Currently no treatment option is available for five percent of patients suffering from chronic myelogenous leukemia, since they have developed resistance to conventional medications. Prof. Stephan Grzesiek's group at the Biozentrum of the University of Basel, in collaboration with Dr. Wolfgang Jahnke and colleagues from Novartis, has investigated the combined action of two different compounds against this form of leukemia. They have been able to explain at the atomic level, how both substances alter the structure of an enzyme and how their combination potentially can overcome drug resistance. Their findings are published in the current issue of PNAS.
Chronic myeloid leukemia (CML) is a form of blood cancer based on a genetic disorder that leads to the overproduction of white blood cells. Ninety-five percent of affected patients can be treated successfully with the Novartis drug imatinib, also known as Gleevec®. Imatinib is an inhibitor that blocks the ATP-binding site of the tyrosine kinase Abl in affected blood cells, thereby suppressing their overactivity. Consequently, the pathological overproduction of leucocytes is stopped and the blood count normalizes.

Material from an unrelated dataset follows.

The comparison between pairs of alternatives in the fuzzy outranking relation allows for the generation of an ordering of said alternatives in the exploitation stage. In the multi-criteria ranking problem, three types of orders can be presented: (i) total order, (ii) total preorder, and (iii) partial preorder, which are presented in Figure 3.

Five percent of all patients are not cured by imatinib
However, in five percent of CML patients, typically in an advanced stage of the disease, imatinib and similar ATP-binding site inhibitors are not effective. This resistance against treatment is caused by a mutation at the ATP-binding site, which prevents the inhibitors from inactivating the enzyme. Currently, new treatments are being developed to help such resistant patients. One approach is based on the combination of ATP-binding site inhibitors with so-called allosteric inhibitors, which bind to a different location.

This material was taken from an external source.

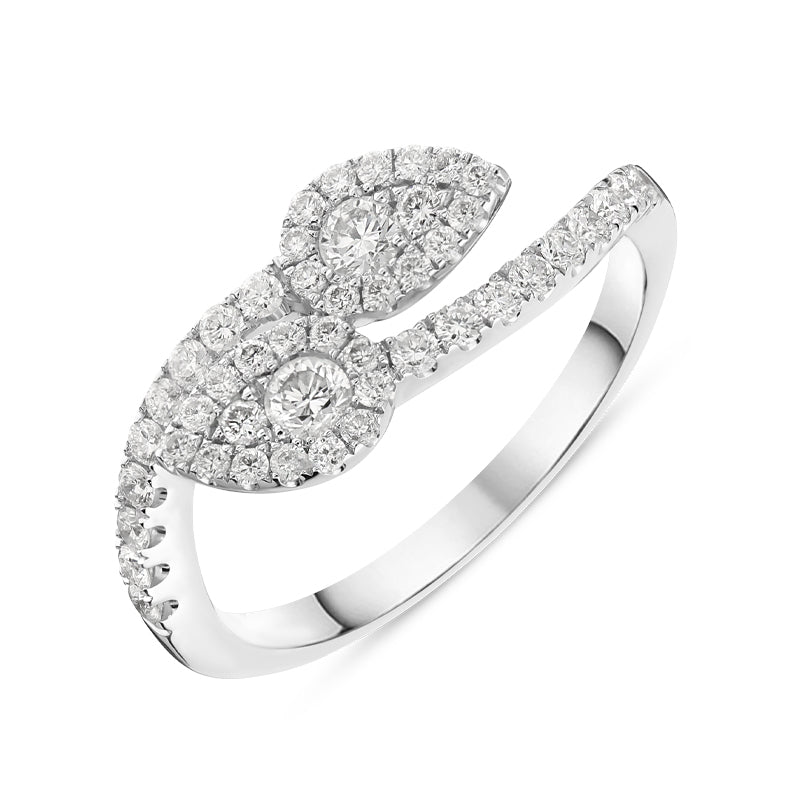 18ct White Gold 0.59ct Diamond Twist Leaf Ring D

Why the drug combination works in resistant CML
Why such a combination of the two inhibitor types works in an animal model has now been explained by Prof. Stephan Grzesiek's team at the Biozentrum of the University of Basel and Dr. Wolfgang Jahnke from Novartis, by a structural analysis using nuclear magnetic resonance spectroscopy (NMR). Under physiological conditions, the tyrosine kinase Abl is found in two different spatial structures - an open and a closed state - which exist in a delicate equilibrium. The researchers have shown that the binding of imatinib unexpectedly shifts this equilibrium to the open state. Although the enzyme itself is inhibited in this state, it can be more easily re-activated through other tyrosine kinases. The allosteric inhibitor GNF-5, however, stabilizes the closed, inactivated state, and even recloses the imatinib-induced open state.

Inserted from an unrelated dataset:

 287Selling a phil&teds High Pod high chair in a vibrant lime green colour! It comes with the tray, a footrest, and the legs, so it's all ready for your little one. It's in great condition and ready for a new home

"Thus the inhibitory potentials of both drugs add together to suppress the kinase activity. Our structural analysis enables us to understand why GNF-5 contributes to overcome imatinib resistance," explains Lukasz Skora, a former postdoc from Stephan Grzesiek's lab. These results provide a detailed insight into how Abl kinase behaves under the influence of inhibitors, giving hope for a successful combination therapy.